I know this is backwards logic, but I can offer some thoughts here. I’ve left my laptop in the car on more than one occasion ( sadly… ). It turned on just fine, and the touchpad worked just fine- even though the surface of it felt HOT to my fingertip’s touch. If it was warmer than my body temperature, how did it sense my body heat??
I’ll agree that other objects besides a finger don’t work well, but I haven’t tried dragging a gherkin across it’s surface. Surely a job for the Straight Dope Labs
It senses electrical capacitance from your finger. Have you ever seen a touch lamp (a lamp that turns on when you touch the metal base)? A laptop touchpad is basically a large array of tiny touch-lamp on/off switches. As you drag your finger across it, you turn on/off different switches in the array, which is interpreted as a “mouse” movement by the driver software. Naturally there are a huge amount of complications and details, but that’s basically what happens.

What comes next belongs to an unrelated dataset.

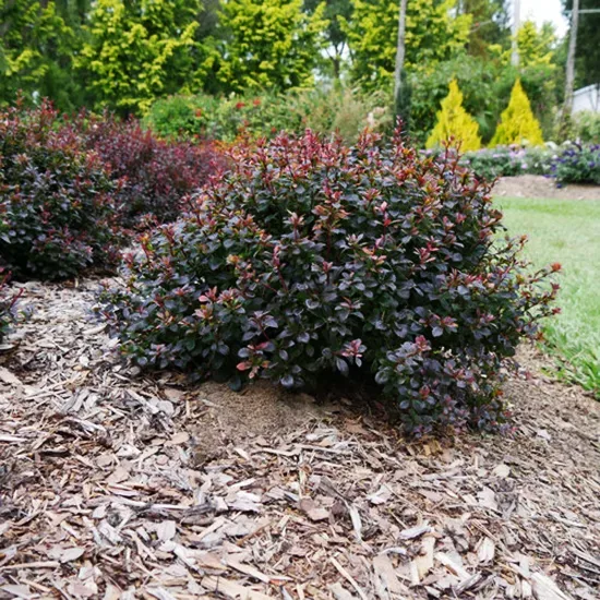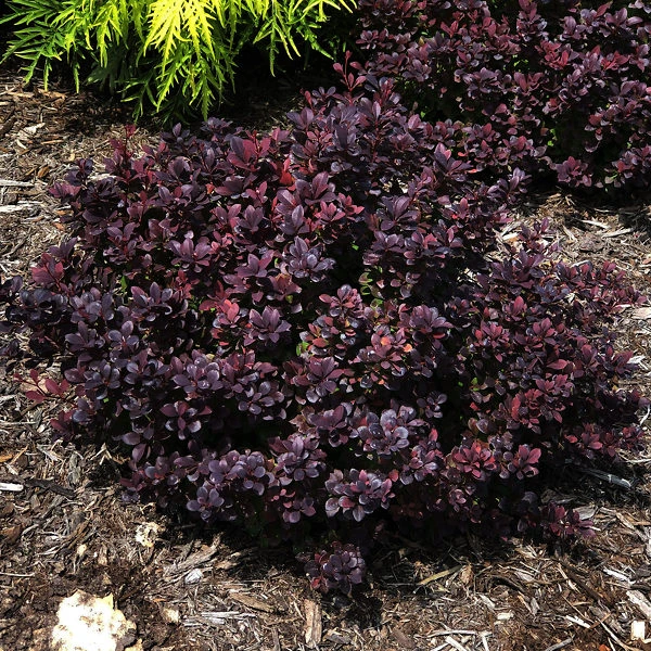 The Sunjoy Todo Barberry is a semi-evergreen shrub less than 3 feet tall. It has a dense, rounded form that is always neat, and it needs no trimming to stay that way. The many branches grow from the base of the plant, keeping it always dense, and the tiny thorns at the base of the leaves make this plant ideal for an impenetrable barrier. The smooth rounded leaves are just ½ to ¾ of an inch long, and perfectly in scale with the small size of this bush. They have a smooth, glossy surface and they are unfailingly always a bright, rich burgundy-purple you will love, without ever fading or greening. Most barberry bushes are deciduous, losing their leaves in fall, but this one is unique, because it keeps most of its leaves, especially the younger ones at the ends of the stems, all through winter. This means that great color is yours throughout the year, not just seasonally.
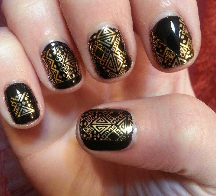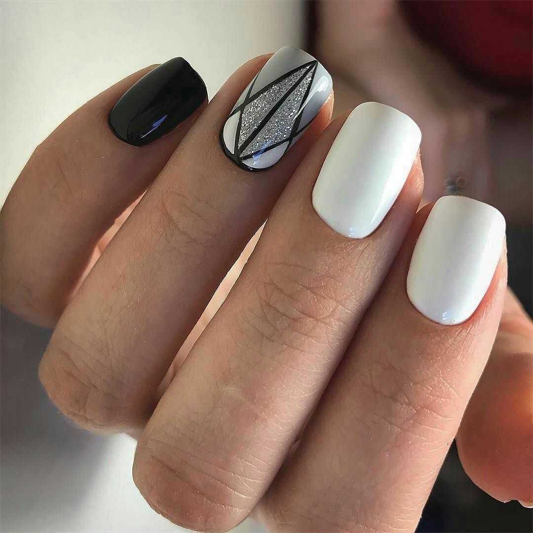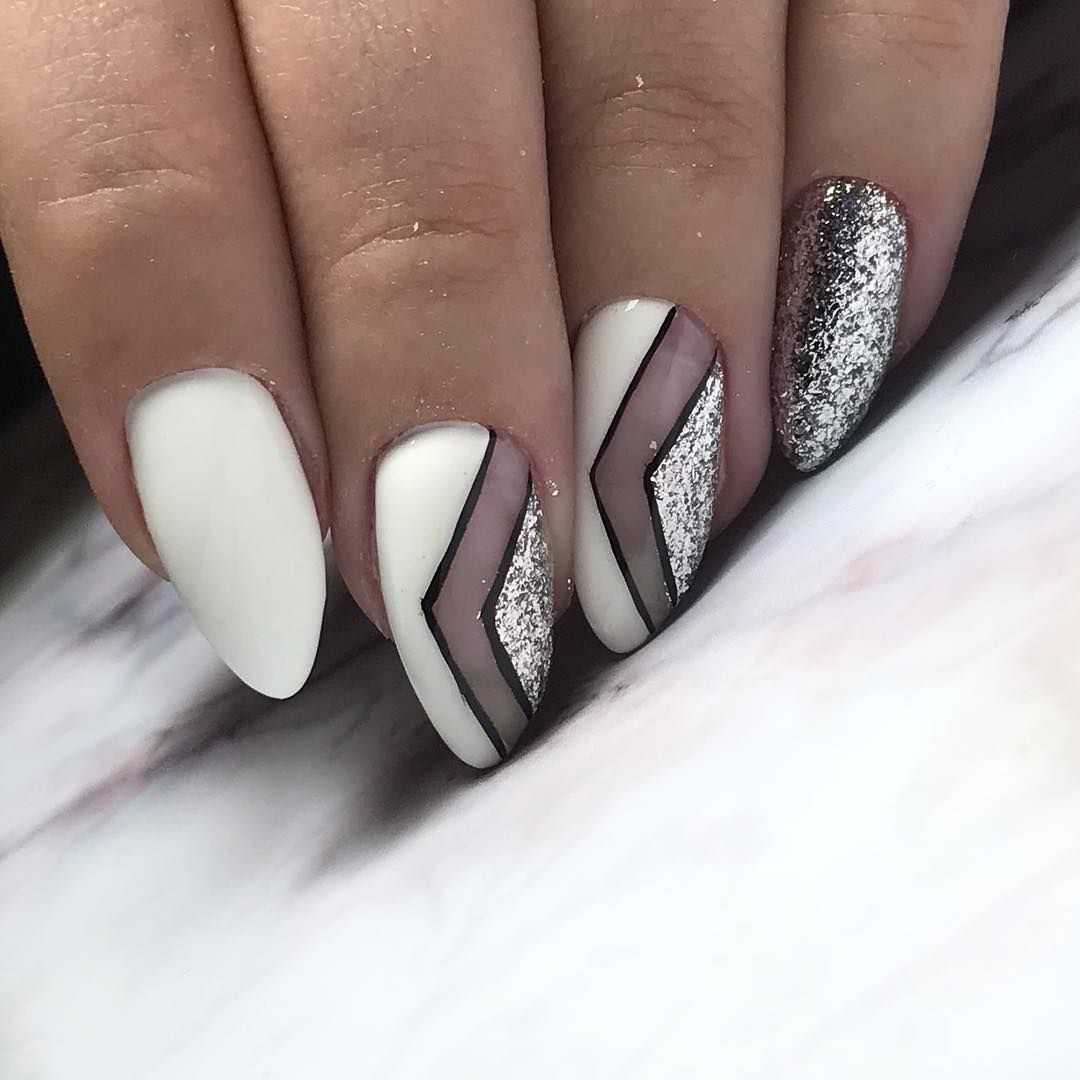 В 2020 году стоит присмотреться к геометрическому дизайну. Тонкие линии, фигуры и точки – все это можно использовать для создания бесчисленного количества рисунков на любой вкус. К тому же, многое зависит от техники нанесения. В домашних условиях использовать кисти не всегда удобно. Выбирайте стемпинг для симметричности. С помощью блесток можно подчеркнуть одну-две линии, что сделает дизайн чуть более ярким.

Water has an unusually high dielectric constant (a constant of materials that affects how much capacitance something has), which makes it easier to sense with a touch pad. Fortunately, fingers are mostly water. A water balloon, or condom filled with water, should work on a touch pad. I’d guess a wet gherkin might work also
It’s probably sensing sweat/oils on the surface of your skin, which get washed away. If you press harder (to put the water in your skin closer to the touchpad), it should work better. The capacitance between your finger and the touchpad increases proportionally to the decrease in distance, so the closer you get, the better it works.
Unless your hands are still wet, which means that your providing too much capacitance (with water directly on the touchpad surface).